Synthesis and Electrochemical Reaction of Tin Oxalate-Reduced Graphene Oxide Composite Anode for Rechargeable Lithium Batteries

Abstract

Unlike for SnO2, few studies have reported on the use of SnC2O4 as an anode material for rechargeable lithium batteries. Here, we first introduce a SnC2O4-reduced graphene oxide composite produced via hydrothermal reactions followed by a layer-by-layer self-assembly process. The addition of rGO increased the electric conductivity up to similar to 10(-3) S cm(-1). As a result, the SnC2O4-reduced graphene oxide electrode exhibited a high charge (oxidation) capacity of similar to 1166 mAh g(-1) at a current of 100 mA g(-1) (0.1 C-rate) with a good retention delivering approximately 620 mAh g(-1) at the 200th cycle. Even at a rate of 10 C (10 A g(-1)), the composite electrode was able to obtain a charge capacity of 467 mAh g(-1).
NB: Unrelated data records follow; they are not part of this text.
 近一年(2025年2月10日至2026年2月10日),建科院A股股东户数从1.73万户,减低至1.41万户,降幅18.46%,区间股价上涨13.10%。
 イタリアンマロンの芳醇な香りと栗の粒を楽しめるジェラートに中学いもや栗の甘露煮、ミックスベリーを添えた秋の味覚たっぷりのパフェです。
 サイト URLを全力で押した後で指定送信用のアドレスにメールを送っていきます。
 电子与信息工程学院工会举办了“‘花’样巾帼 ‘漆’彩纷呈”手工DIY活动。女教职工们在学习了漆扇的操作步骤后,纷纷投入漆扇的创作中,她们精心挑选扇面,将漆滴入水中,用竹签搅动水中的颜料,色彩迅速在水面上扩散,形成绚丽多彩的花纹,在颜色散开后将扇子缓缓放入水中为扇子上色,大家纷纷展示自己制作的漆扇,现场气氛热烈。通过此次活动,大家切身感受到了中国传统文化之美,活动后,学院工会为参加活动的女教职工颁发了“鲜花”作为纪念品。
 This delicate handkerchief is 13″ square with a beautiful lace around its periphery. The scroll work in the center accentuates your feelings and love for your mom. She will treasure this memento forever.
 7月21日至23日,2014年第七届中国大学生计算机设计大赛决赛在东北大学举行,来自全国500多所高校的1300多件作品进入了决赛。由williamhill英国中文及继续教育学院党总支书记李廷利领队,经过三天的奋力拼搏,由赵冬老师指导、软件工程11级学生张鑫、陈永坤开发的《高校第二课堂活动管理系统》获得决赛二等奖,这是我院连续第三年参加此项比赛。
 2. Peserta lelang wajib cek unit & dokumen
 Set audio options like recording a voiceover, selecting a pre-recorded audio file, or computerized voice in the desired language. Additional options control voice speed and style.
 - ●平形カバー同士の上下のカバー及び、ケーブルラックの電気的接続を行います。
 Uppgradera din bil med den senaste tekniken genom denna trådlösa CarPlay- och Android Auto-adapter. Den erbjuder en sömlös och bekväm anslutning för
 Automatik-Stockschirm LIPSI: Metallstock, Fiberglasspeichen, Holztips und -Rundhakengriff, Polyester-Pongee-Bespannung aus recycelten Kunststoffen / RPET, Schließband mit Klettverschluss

In contrast, the bare SnC2O4 had inferior electrochemical properties relative to those of the SnC2O4-reduced graphene oxide composite: similar to 643 mAh g(-1) at the first charge, retaining 192 mAh g(-1) at the 200th cycle and 289 mAh g(-1) at 10 C. This improvement in electrochemical properties is most likely due to the improvement in electric conductivity, which enables facile electron transfer via simultaneous conversion above 0.75 V and de/alloy reactions below 0.75 V: SnC2O4 + 2Li(+) + 2e(-) -> Sn + Li2C2O4 + xLi(+) + xe(-) -> LixSn on discharge (reduction) and vice versa on charge. This was confirmed by systematic studies of ex situ X-ray diffraction, transmission electron microscopy, and time-of-flight secondary-ion mass spectroscopy.